[
Lists Home |
Date Index |
Thread Index
]
- From: tpassin@home.com
- To: "Roger L. Costello" <costello@mitre.org>, xml-dev@lists.xml.org,xerces-j-dev@xml.apache.org
- Date: Sun, 03 Sep 2000 18:35:54 -0400
Roger L. Costello asked -
> Consider this regular expression:
>
> (.)+\.(gif|jpg|jpeg|bmp)
>
> As I interpret this regular expression it says, "one or more occurrences
> of any character, followed by a dot, followed by either gif or jpg or
> jpeg or bmp". Correct?
>
> Here's my question - why is it that two schema validators (Oracle and
> xerces 1.2) both accept the following strings:
>
> images\mighty_oj.gif
> images\omega.jpg
> images\wheateena.jpg
>
> but reject these strings:
>
> images\champion.gif
> images\greenPower.jpg
> images\juiceman.jpg
>
I'm not sure if it's the same in xml schemas, but try this version:
(.+)\.(gif|jpg|jpeg|bmp)
In python, the original expression matches the last character of the name,
as well as returning the extension (since it is in parentheses).
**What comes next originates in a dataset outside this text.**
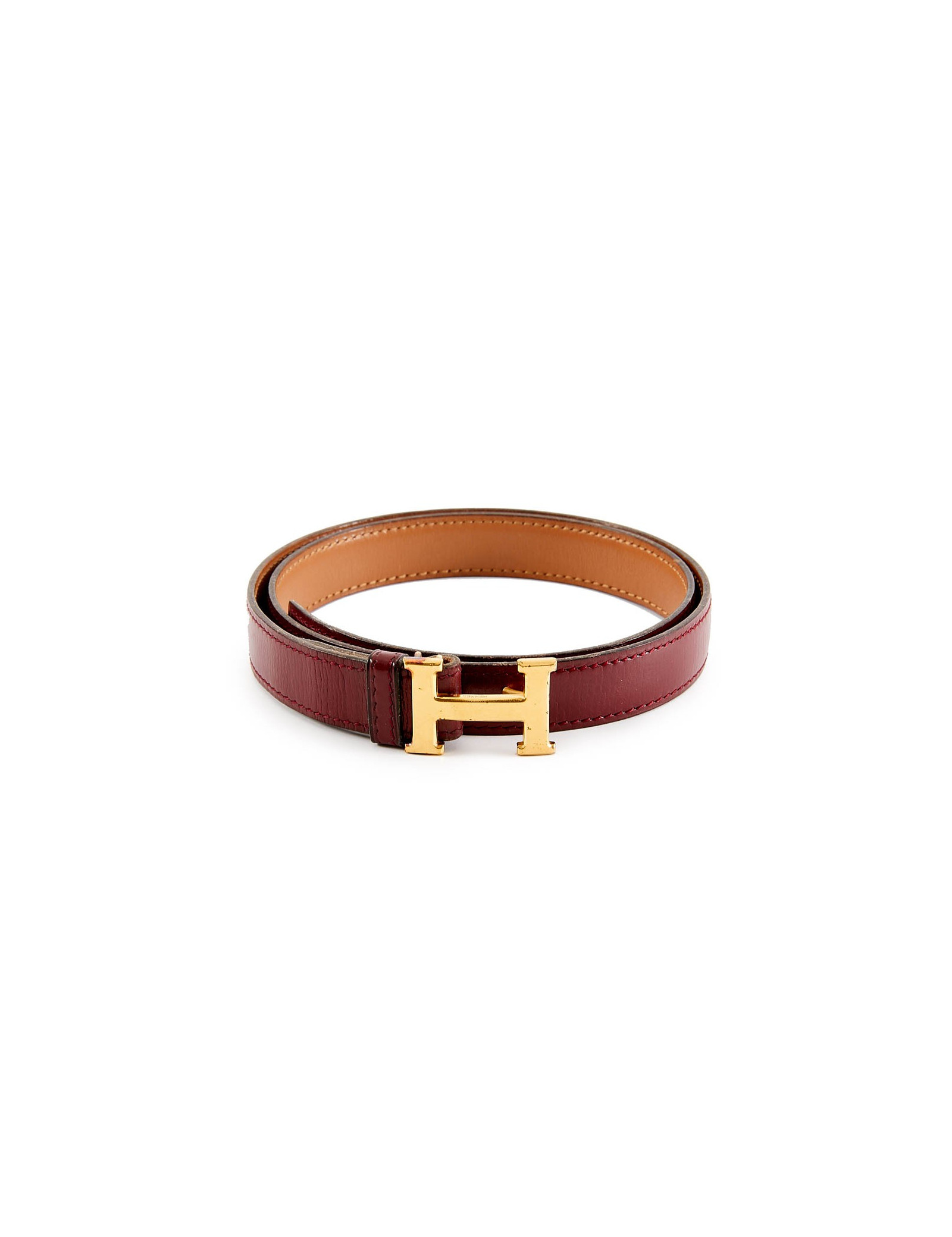 New Last items in stock BELTS Belt H vintage Hermès golden HERMES 40009 490.00 € Hermès reversible H belt from 2011, combining timeless style with everyday versatility. Crafted from quality leather, it offers two distinct looks: a clean white side for a classic feel, and a vibrant blue side for a bolder touch.The iconic gold-tone "H" buckle instantly defines the piece. Simple yet unmistakable, it reflects the craftsmanship and strong... Add to cart

The new
version matches correctly - at least, in python:
import re
patre=r".+\.(gif|jpg|jpeg|bmp)"
pat=re.compile(patre)
print pat.findall(r'images\champion.gif')
>>> [('n', 'gif')]
# New version
patre=r"(.+)\.(gif|jpg|jpeg|bmp)"
pat=re.compile(patre)
print pat.findall(r'images\champion.gif')
>>>[('images\\champion', 'gif')]
Cheers,
Tom Passin
|